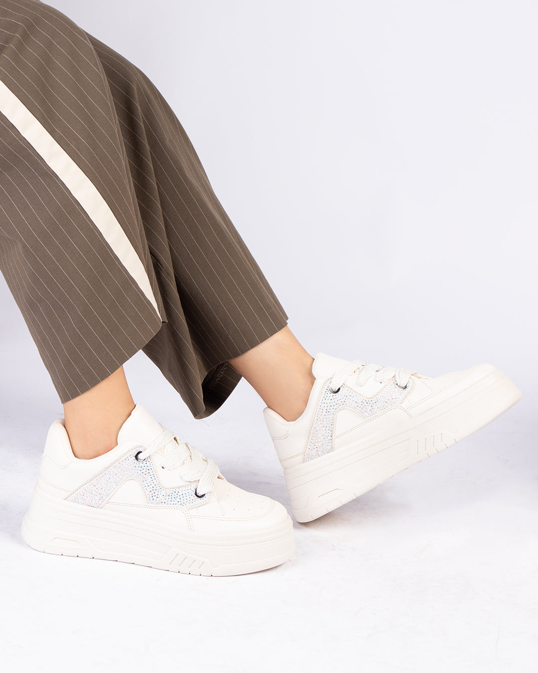 La frescura de lo casual está en tus pies. Estos tenis Fratello están diseñados para caminar con estilo sin complicaciones. Con líneas limpias y colores versátiles, se convierten en ese básico que siempre funciona. ¡Haz clic y hazlos parte de tu rutina! Fratello tenis casual para mujer, en color late, modelo elaborado en material sintético, cuenta con aplicación de pedrería fina, tipo de cierre con agujetas al tono suela sintética ranil, cuenta con suela de plataforma, con un alto de 5 cm forro textil, tallas disponibles 23/26 incluyendo medias tallas, modelo con horma normal (talla fiel), te sugerimos adquirir talla habitual. Haz que cada paso cuente con Zapatería Fratello, calzado 100% mexicano. Ponte zapatos, no límites. Compra los tuyos ahora.
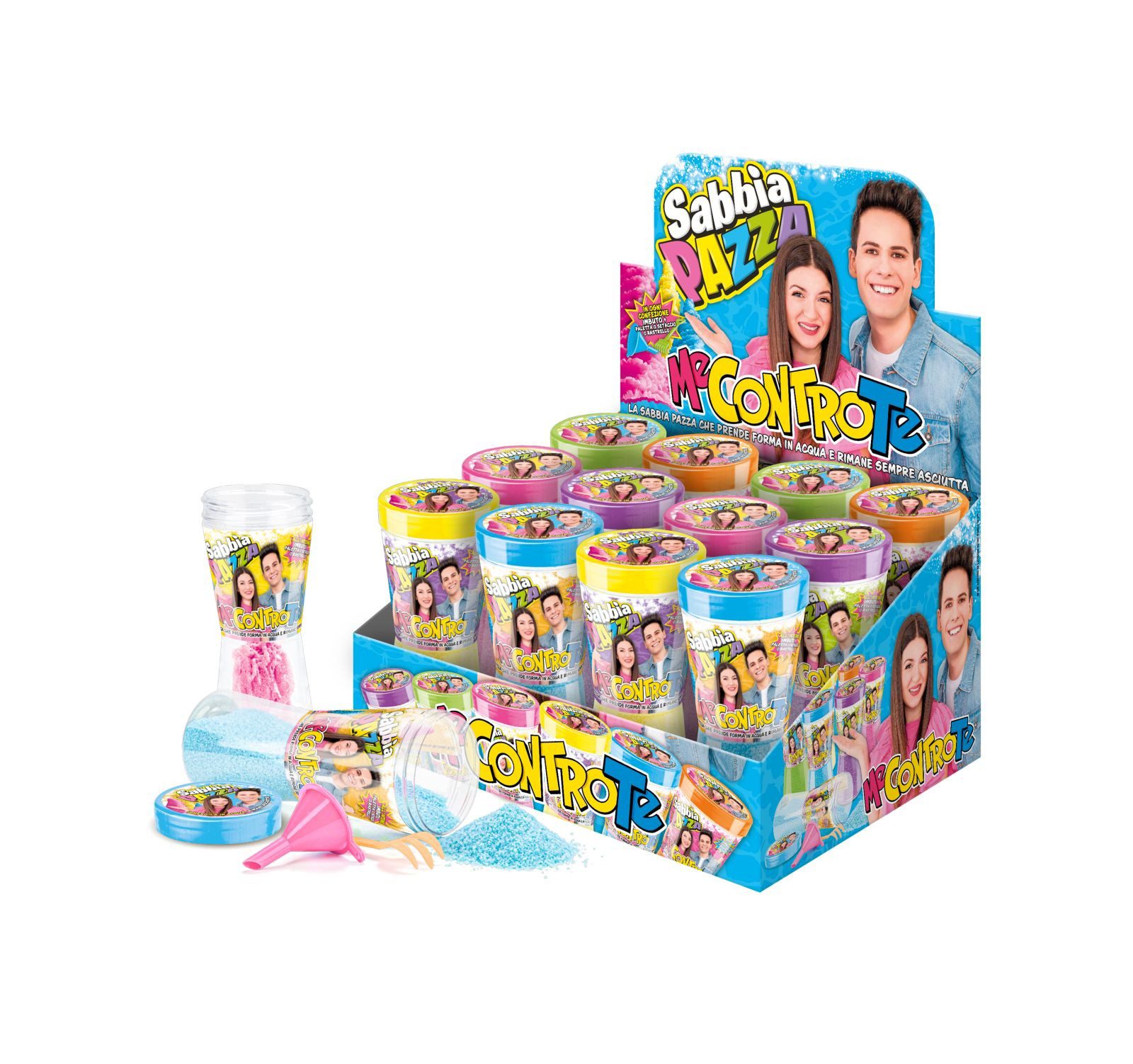 Disponibile in 6 diversi colori, ogni confezione contiene 150 gr. di sabbia pazza, un imbuto e un accessorio assortito (paletta, setaccio o rastrello).
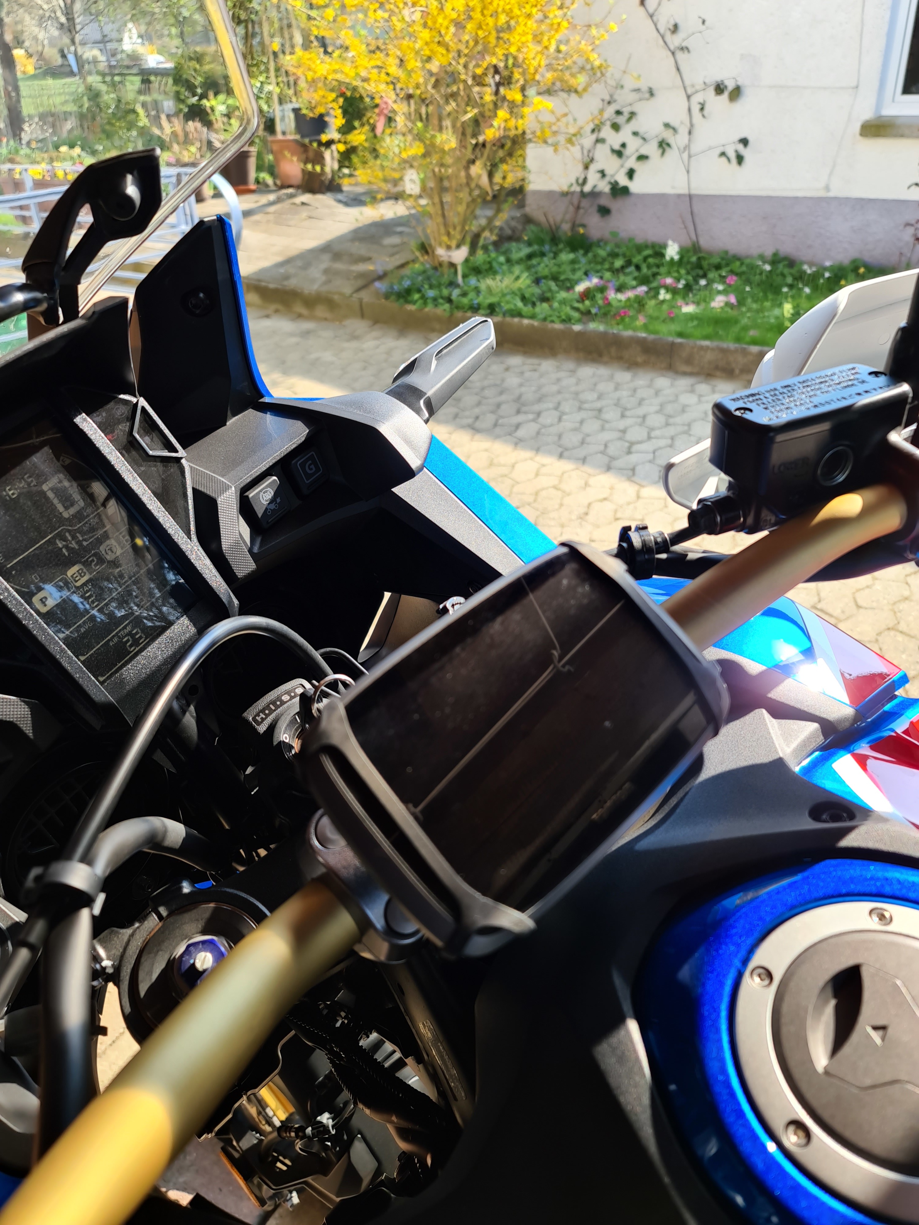 Im Februar als ich bei Touratech war, habe ich mir die USB Steckdose (s. Bild) einbauen lassen. Damals sagte ich ausdrücklich eine Steckdose
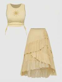 Ensemble top court et jupe avec garniture de laitue et ourlet fendu, école
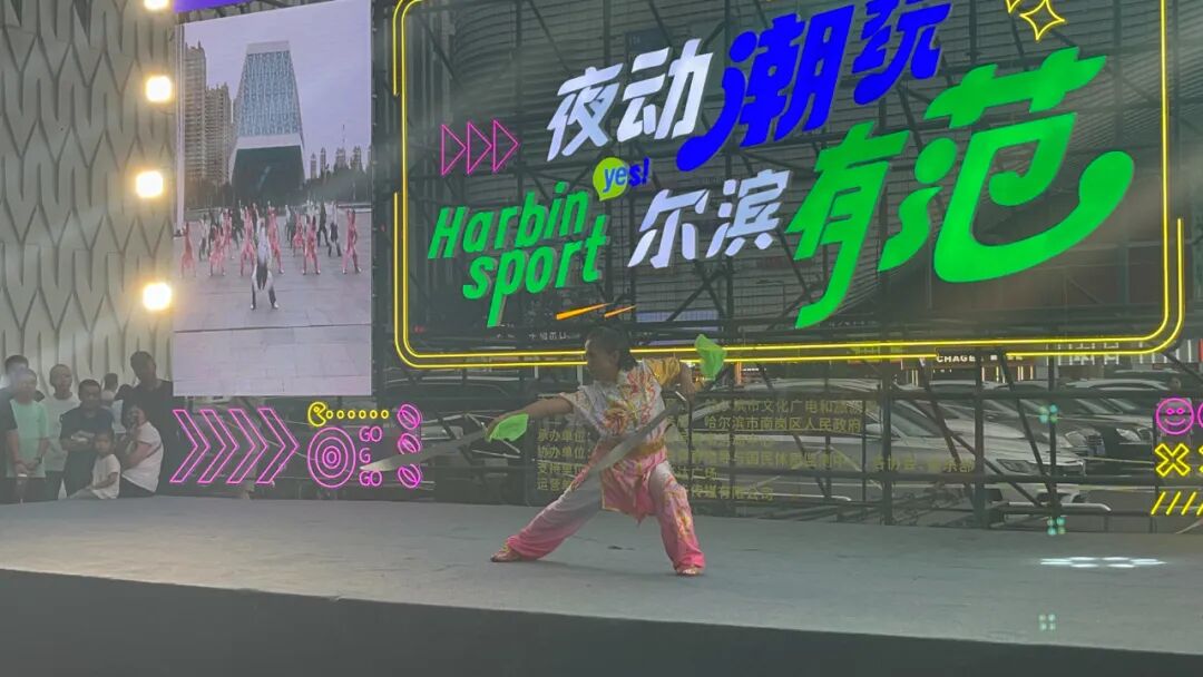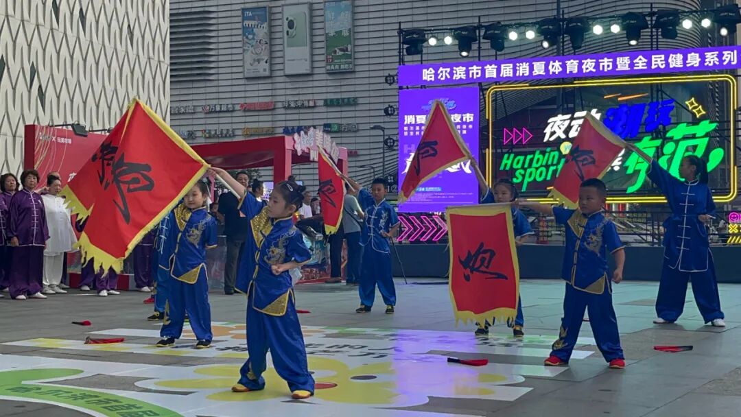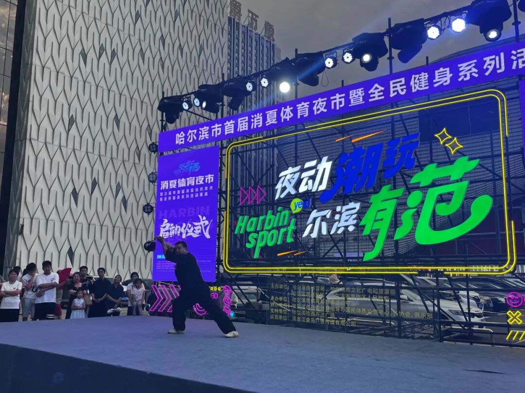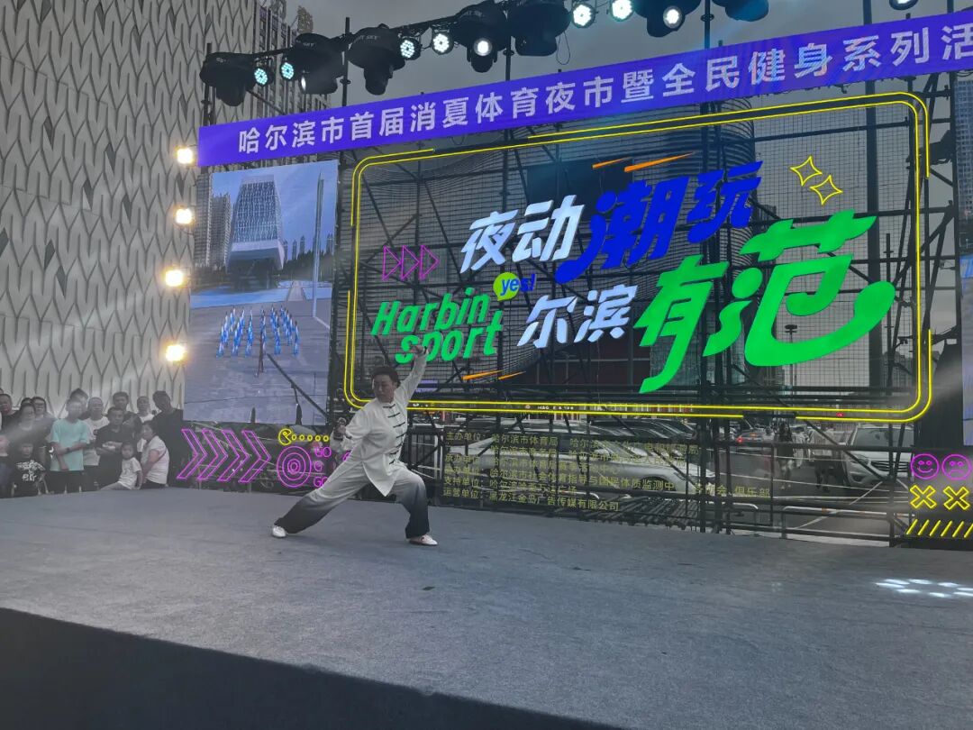 8月11日晚,哈尔滨市首届消夏体育夜市暨全民健身系列活动迎来了武术协会专场展演,来自香坊、南岗、道里、道外、松北、平房区17支代表队,230余名武林高手同场展示,参演选手从四岁儿童到七旬长者,展现了哈市武术运动深厚的底蕴和广泛的参与度。
++++
ASSIGNMENT
The line containing "Ensemble top court" and all lines after it, through the last line of the records, should be returned exactly. Omit the pictures.

SOLUTION TO THIS PROBLEM
 Ensemble top court et jupe avec garniture de laitue et ourlet fendu, école
 8月11日晚,哈尔滨市首届消夏体育夜市暨全民健身系列活动迎来了武术协会专场展演,来自香坊、南岗、道里、道外、松北、平房区17支代表队,230余名武林高手同场展示,参演选手从四岁儿童到七旬长者,展现了哈市武术运动深厚的底蕴和广泛的参与度。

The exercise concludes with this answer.